Anger rose in Zoe, stronger even than lust. Other qualities. Was that supposed to be some sort of consolation prize? For not being sexy, not being smart, not being successful?

Zoe jumped to her feet. She’d decided not to be mad at him any more, but he really could push it.

“Nick, I told you not to be condescending,” she said, her voice loud in her ears. “You don’t know a damn about why my great-aunt chose me. If you’re so hot on trying to figure out family motivations, why don’t you concentrate on why your father chose to leave you?”

She started to walk out of the room, leaving her bags behind, but as she passed a side table she heard a noise that made her stop.

There was a big cardboard box on the table that hadn’t been there before. And there was something moving around inside it, something scratching and making low throaty noises.

“What the hell is this?” she said.

Nick didn’t answer. She looked at him and saw that he hadn’t straightened his slouch on the sofa, but he was tense and gazing into her eyes.

“I know why my father left me,” he said. “Because he was a coward who preferred to let his ten-year-old son take care of his family. You, on the other hand, are an adult and I imagine your great-aunt had good reasons to trust you. You can get as angry about it as you want, but it’s not my fault she left you the money and you feel guilty about it.”

For a moment she just stared at him. She had a feeling as if her will had met something just as strong in the middle of the room, and they were at a deadlock.

“Just don’t talk down to me,” she said.

“I wasn’t talking down to you. I wouldn’t dare to, especially with the way you take pot shots at me when you’re angry. I was saying what I thought. And you brought it up in the first place.”
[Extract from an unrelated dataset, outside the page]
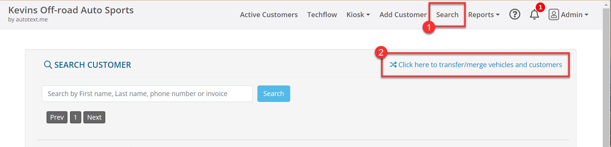Getting Started Select Search at the top of the dashboard. Once on the Search page, select Click here to transfer/merge vehicles and customer in the top right corner highlighted in blue. Select Transfer a vehicle from one customer to another customer ...

Beside her, whatever was in the box scratched and gurgled again. There was something dark in Nick’s eyes. She was glad to take her gaze away from his and look at the box.

“What have you brought in here?”

“Open it up and see. Be careful, though.”

Gingerly she peeled back the lid of the box and looked inside. She saw two beady eyes, a beak, and a greeny-grey feathered throat.

“It’s a pigeon,” she said in surprise and disgust.


She looked more closely and saw that both its feet were wrapped in little white bandages.

“Nick. You’re playing doctor to a pigeon?”

“It had abscesses on both its feet, which I treated.” Nick joined her at the box. “I had a hell of a time catching it. I’ve had an easier time catching cormorants. New York must make the animals suspicious.”

“Nick, why are you rescuing a pigeon? They’re pests, there are trillions of them.”

“You don’t think I should help a pigeon because it’s a pest?”

“Yes! This isn’t some endangered species on some island somewhere.”

“All right.” He picked up a pair of gloves lying next to the box. “I’ll kill it.” He reached into the box.


Nick paused. “If it’s a pest, why can’t I kill it?”

“Because–” Zoe tried to think of a reason, and couldn’t. “Just don’t.”

“Look,” Nick said, his voice calm, his hands still in the box with the pigeon, “I won’t let an animal suffer, no matter what kind of animal it is. I can cure it, or I can kill it. Which one do you want me to do?”

Once again, it was his will, iron-strong, against hers, except this time he had a life in his hands.

“Why are you so damn responsible?” she growled.

“Why do you deny that you can be?” he shot back.

Silently, not moving or touching, they wrestled with each other.

In the end, giving in was easier than answering his question. If Nick’s only options were curing something or killing it, he wouldn’t understand her answer, anyway. He wouldn’t understand how if there was something wrong with you, you learned to live with it, to shrug it off.

“Just don’t let it crap on the furniture,” she said, and turned away.